Su Friedrich’s “Sink or Swim” added to the National Film Registry

Sink or swim [electronic resource] by Su Friedrich. West Hollywood, CA : Stag Films, 2013. One online resource (47 min.).

Congratulations to Princeton University Professor of Visual Arts Su Friedrich, whose 1990 documentary “Sink or Swim” has been added to the National Film Registry by the Librarian of Congress. The autobiographical story about the schism between a daughter and her father can be viewed here: http://www.aspresolver.com/aspresolver.asp?GLTV;2180783

index“Acting Librarian of Congress David Mao announced today the annual selection of 25 motion pictures to be named to the National Film Registry of the Library of Congress. These films, which epitomize the diversity and richness of the nation’s cinematic heritage, have been identified as motion pictures that deserve to be preserved because of their cultural, historic or aesthetic importance.
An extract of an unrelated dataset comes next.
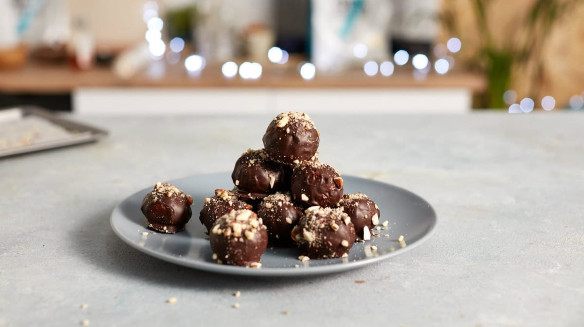 Gezoet met honing en met een romige, volledig natuurlijke amandelboter, hoef je dit seizoen niet te worden verleid voor andere lekkernijen. Deze balletjes zitten ook boordevol eiwitten door de Impact Whey Protein en Eiwitchocolade die 62% minder suiker bevatten dan de gemiddelde reep. Dus je kunt genieten van deze kleverige goedheid met maar een fractie van het schuldgevoel.

‘Selecting a film for the National Film Registry recognizes its importance to cinema and America’s cultural and artistic history,’ said Mao. ‘The registry is an invaluable way to advance public awareness of the richness, creativity and variety of our nation’s film heritage.’”
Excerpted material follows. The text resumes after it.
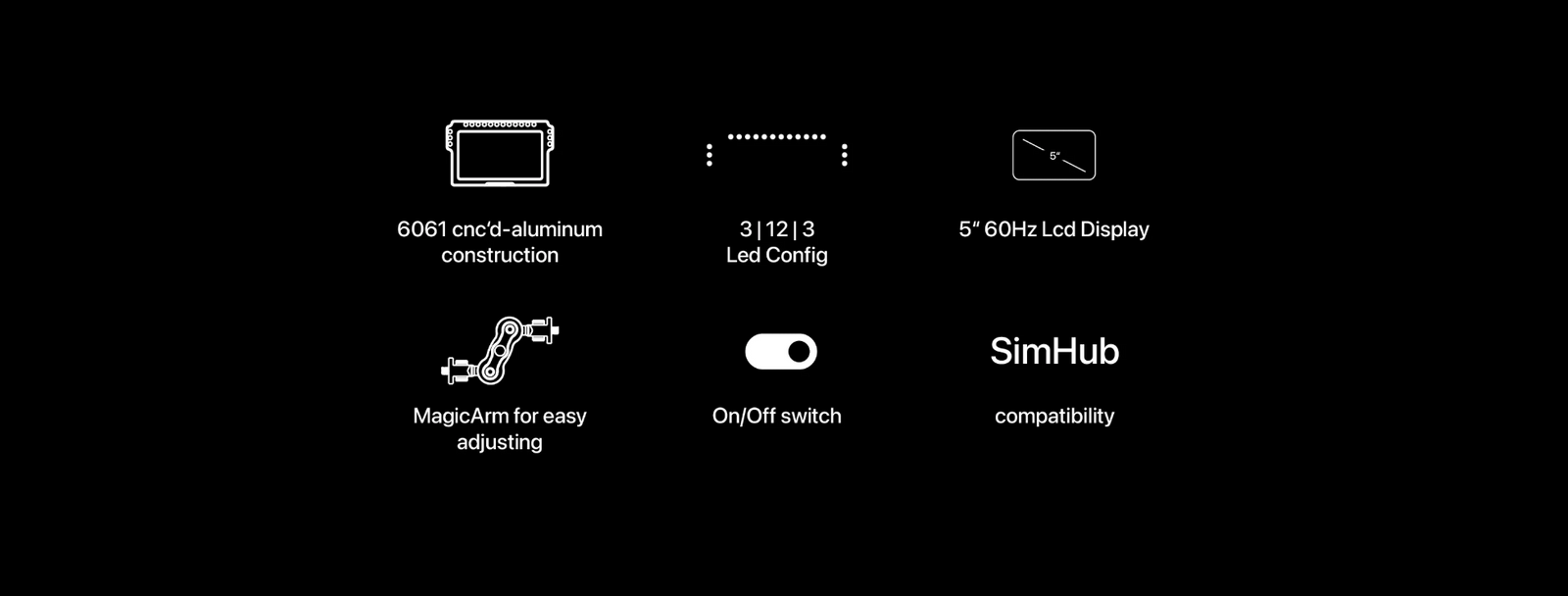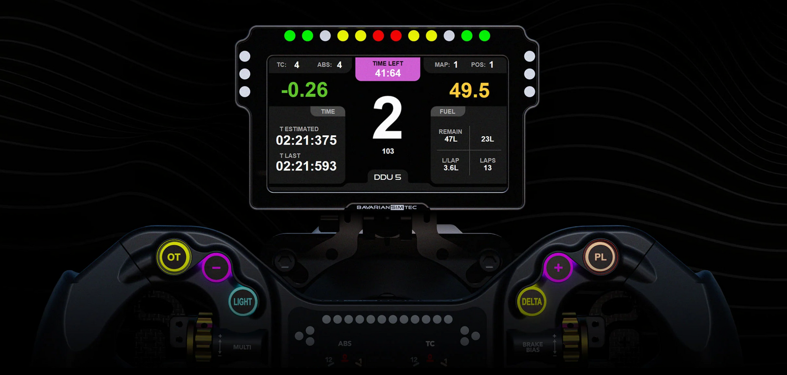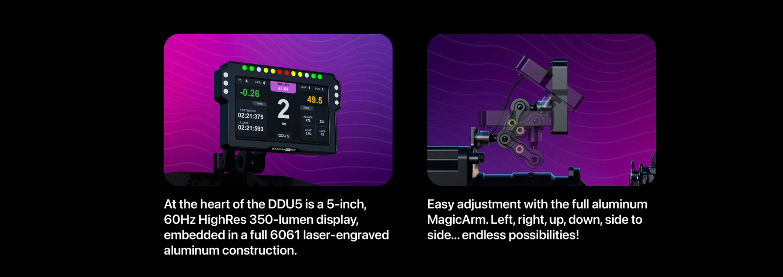The DDU5 is a professional-grade 5-inch digital dashboard display, precision-crafted in Bavaria to enhance your sim racing experience. Its sleek 6061‑aluminum housing and vibrant full-color LCD present telemetry data clearly and swiftly, helping you stay focused and informed during competition. Whether you’re tracking lap times, engine metrics, or tire wear, the DDU5 is designed to integrate seamlessly with SimHub, offering plug-and-play simplicity and advanced customization options.

For a complete list of the 2015 inductees, see http://www.loc.gov/today/pr/2015/15-216.html

From the registry:
Sink or Swim (1990). In this autobiographical tale told in voice-over by a teenage girl (Jessica Lynn), Su Friedrich relates a series of 26 short vignettes that reveal a subtext of a father preoccupied by his career and of a daughter emotionally scarred by his behavior. Black-and-white film clips of ordinary daily activities illustrate Friedrich’s poetically powerful text to create a complex and intense film. Of this work, which garnered numerous festival awards, Friedrich wrote, “The issue for me is to be more direct, or honest, about my experiences, but also to be analytical. ‘Sink or Swim’ is personal, but it’s also very analytical, or rigorously formal.”
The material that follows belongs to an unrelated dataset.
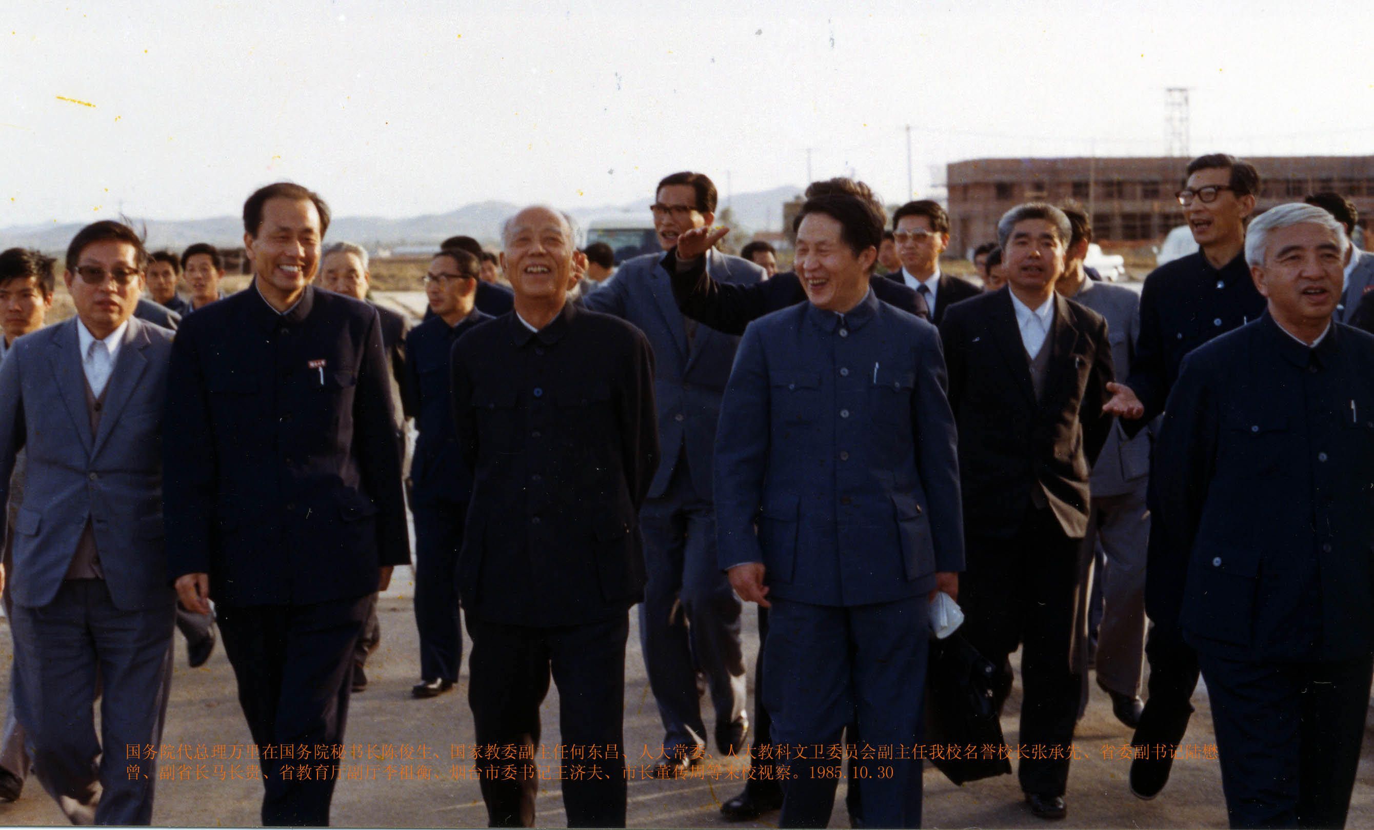 1985年10月30日,沈克琦校长(前排左四)陪同国务院代总理万里(前排左三)视察烟台大学

Friedrich’s films and videos have been featured in retrospectives at major museums and festivals, and she has received both Guggenheim and Rockefeller Foundation Fellowships. Michael Zyrd wrote in Senses of Cinema: “The textures, cinematic and emotional, of Friedrich’s work are both private and highly mediated, embodying an aesthetic style and range of concerns that make her one of the most innovative and accessible artists currently working in the dynamic tradition of the modernist American Avant-Garde.”